(Collected data entries)
○ ○ ○ ○ ○
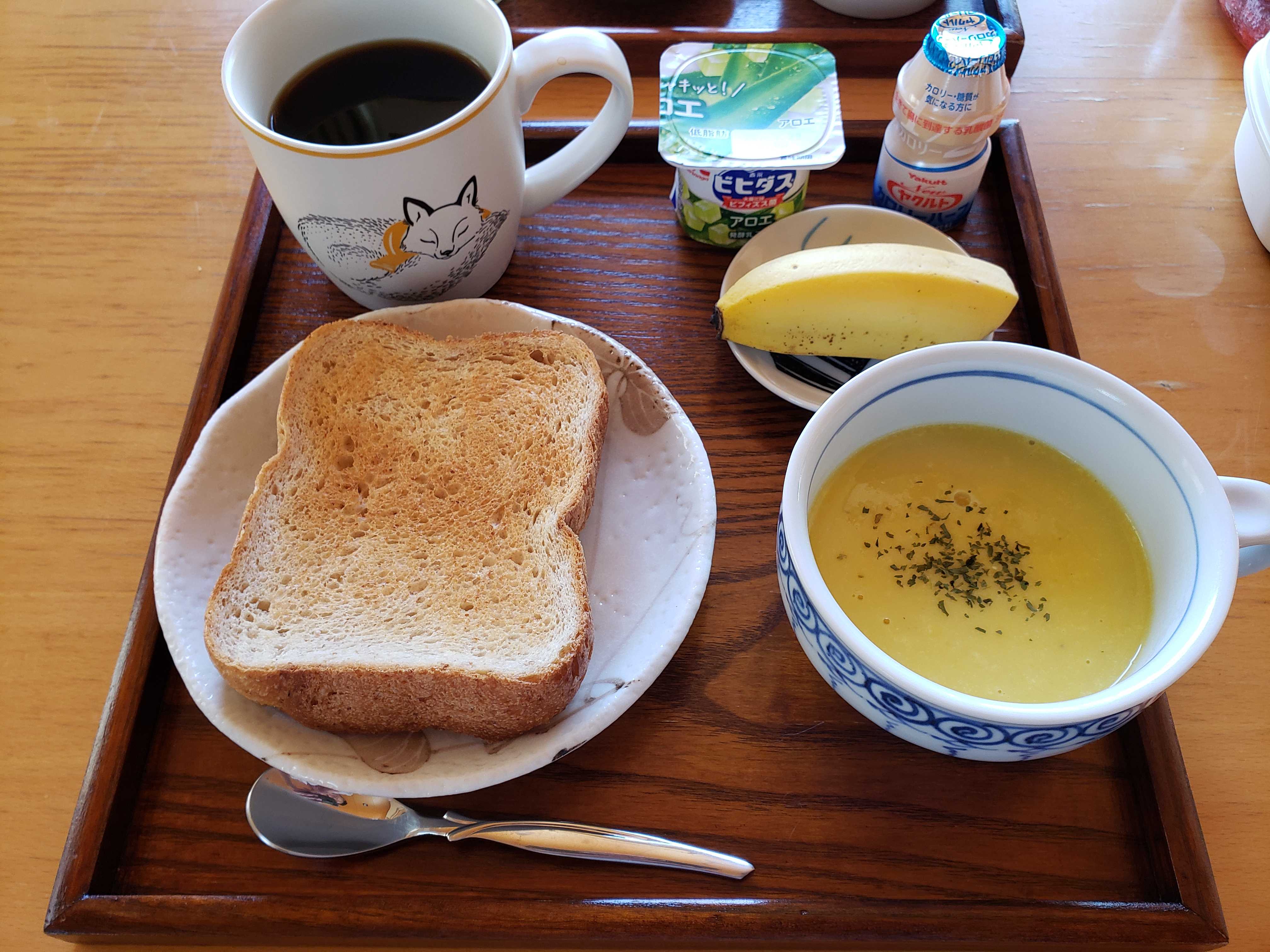 朝は冷凍してたカボチャペーストを牛乳で伸ばしたポタージュをぺろり
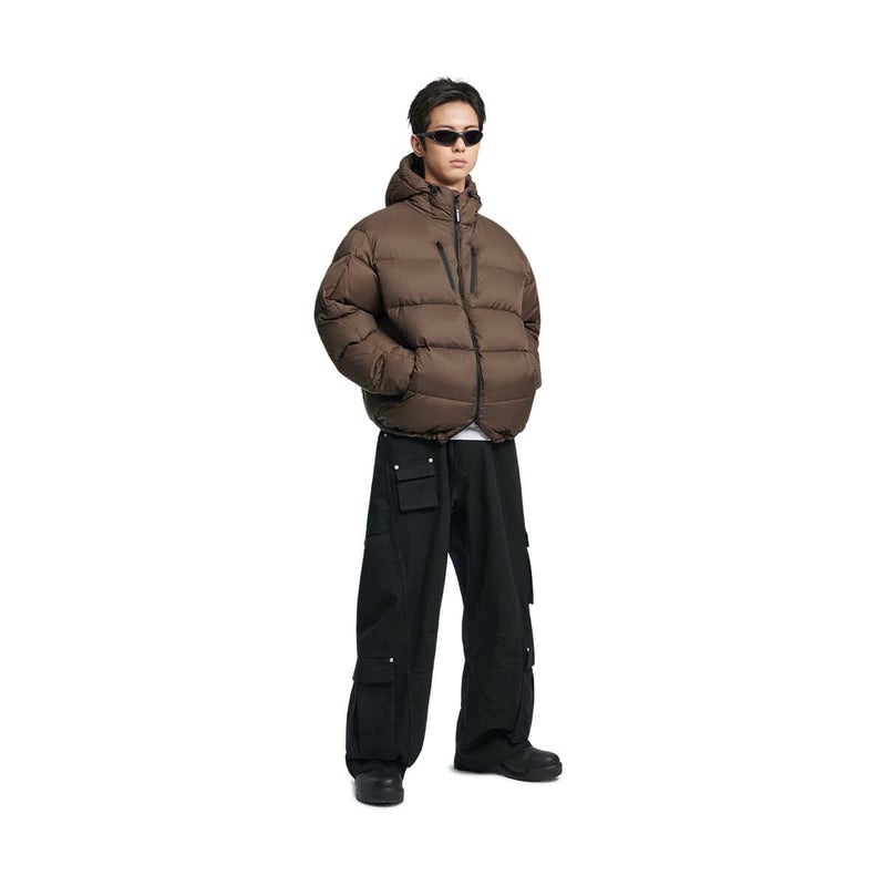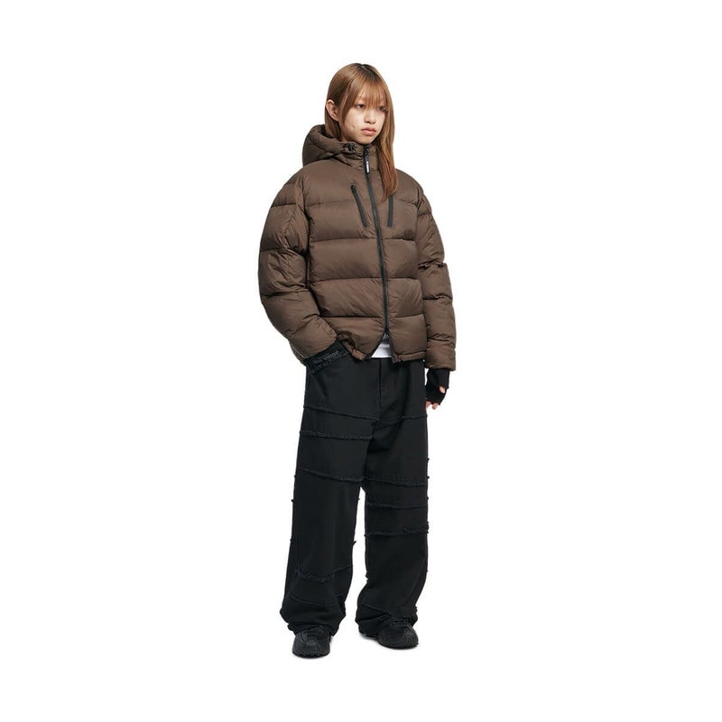 “EMBER(エンバー)”=火種という意味を持つモデル。 袖口のゴムバンド、ネック・裾・フードのアジャスター部分にはドローコードディテールを採用。 フロント胸元には斜めジッパーを配置するなど、全体的にアウトドアディテールから着想を得たデザインです。 2WAYジッパー仕様。 ダックダウン充填量 Lサイズ:320g
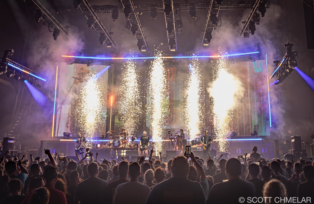 The Offspring brought their explosive “Supercharged Worldwide In ’25” tour to Coastal Credit Union Music Park at Walnut Creek in Raleigh, NC on July 16, 2025, headlining a packed lineup supported by New Found Glory and Jimmy Eat World. The global tour spans multiple continents—Australia, Europe, South America, Asia, South Africa—and over 30 dates across the United States and Canada, hitting major cities including West Palm Beach, Toronto, Dallas, and Phoenix. Conceived to showcase their new album Supercharged, the tour reflects The Offspring’s commitment to delivering high-impact shows fueled by the vitality of their latest material and anchored by their historic punk-rock legacy. While Jimmy Eat World performed earlier in the evening, Indra Magazine was unable to photograph or cover their set due to contractual obligations with the band’s media team.
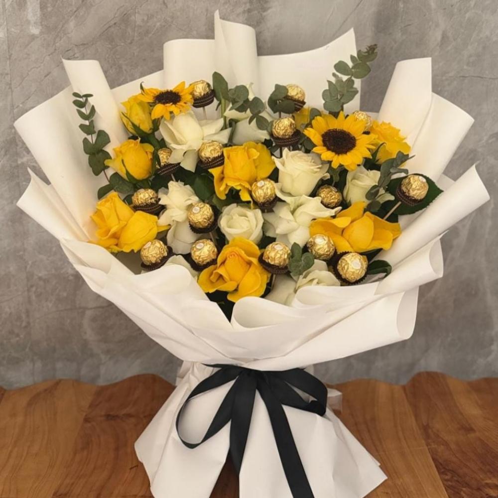 عبّر عن دفء مشاعرك وأناقة ذوقك مع باقة أشعة الشمس، تنسيق فاخر يجمع بين ورود الجوري البيضاء والصفراء مع لمسة مشرقة من دوار الشمس الفاتن، مزينة بقطع شوكولاتة فيريرو روشيه الفاخرة وأوراق الكلبتس الخضراء الطبيعية، مغلفة بورق أبيض أنيق ومربوطة بشريطة سوداء تضيف فخامة وجاذبية.
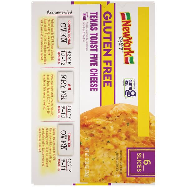 We’re New York Bakery. You may know us as “the toast in the yellow box” or simply “Texas Toast.” And we’ve finally made the Gluten-Free Texas Toast you’ve waited for. Topped with a blend of five real cheeses, our Five Cheese bread is a family staple everyone will love, with the same crispy crust and soft inside as our Original Garlic Texas Toast bread. No one should be left out on Italian night, so grab a box next time you pick up pasta and pasta sauce for a complete meal ready within minutes. Made in a dedicated gluten-free facility, you can feel good about serving this GFCO certified toast as a side or snack.
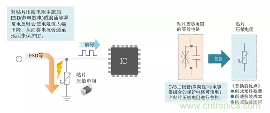 ●兼顧ESD對(duì)策與抑制噪音(貼片壓敏電阻)
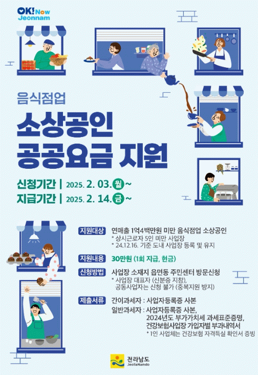 지원 대상자는 2024년 12월 16일 현재 전남에 사업장을 등록하고 신청 기간까지 사업을 유지 중인 음식점업 소상공인으로 상시근로자 5인 미만, 연매출액은 1억 400만 원을 넘지 않아야 한다.
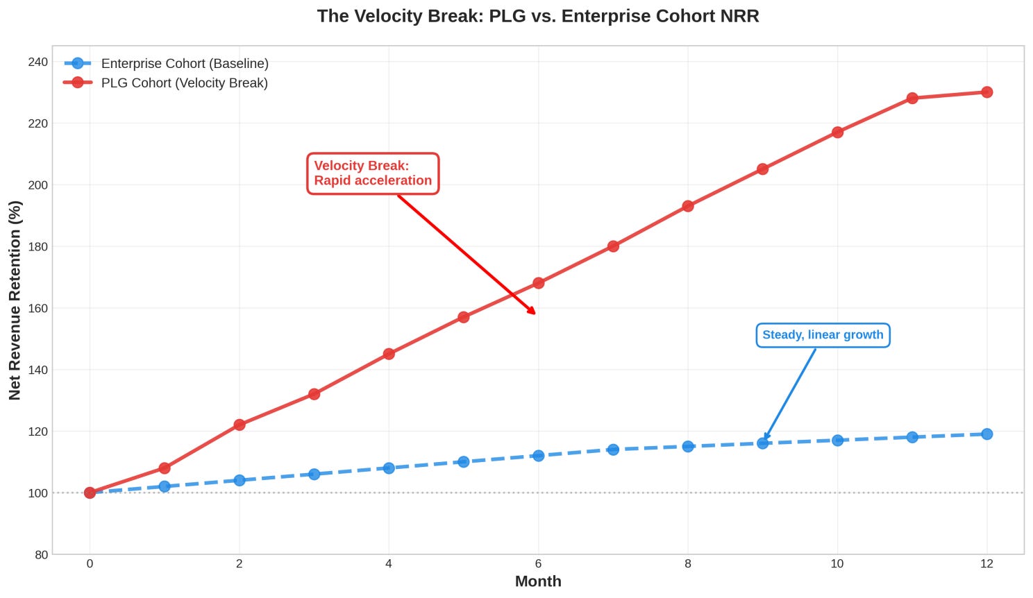 The enterprise cohort (in blue) has solid net revenue retention (NRR). It grows steadily over time. But the new PLG cohort (in red) is a rocket ship. Its NRR explodes after a few months. This is a velocity break. A velocity break is when a key metric, like NRR, suddenly accelerates. It’s a sign you’ve found a new, more efficient growth engine.
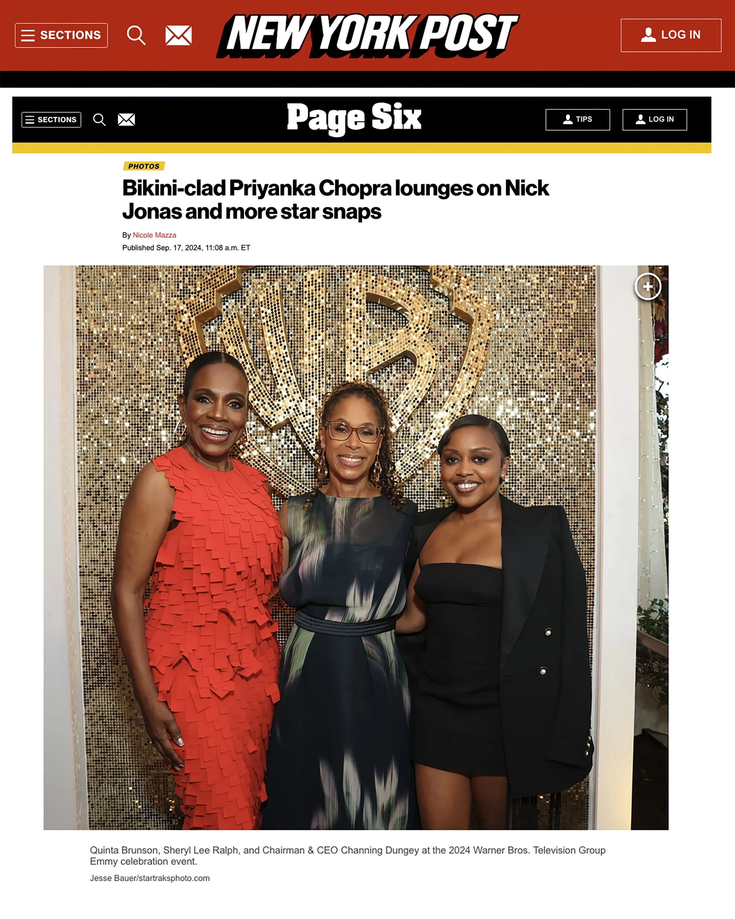 Caption that ran: Quinta Brunson, Sheryl Lee Ralph, and Chairman & CEO Channing Dungey attended the 2024 Warner Bros. Television Group Emmy Celebration event.
○ ○ ○ ○ ○
▸ **Exercise**
Each line from the one that contains "The enterprise cohort" through the end of the records should be restated exactly; include both end lines and leave any pictures out.

▸ **Reply to the exercise**
 The enterprise cohort (in blue) has solid net revenue retention (NRR). It grows steadily over time. But the new PLG cohort (in red) is a rocket ship. Its NRR explodes after a few months. This is a velocity break. A velocity break is when a key metric, like NRR, suddenly accelerates. It’s a sign you’ve found a new, more efficient growth engine.
 Caption that ran: Quinta Brunson, Sheryl Lee Ralph, and Chairman & CEO Channing Dungey attended the 2024 Warner Bros. Television Group Emmy Celebration event.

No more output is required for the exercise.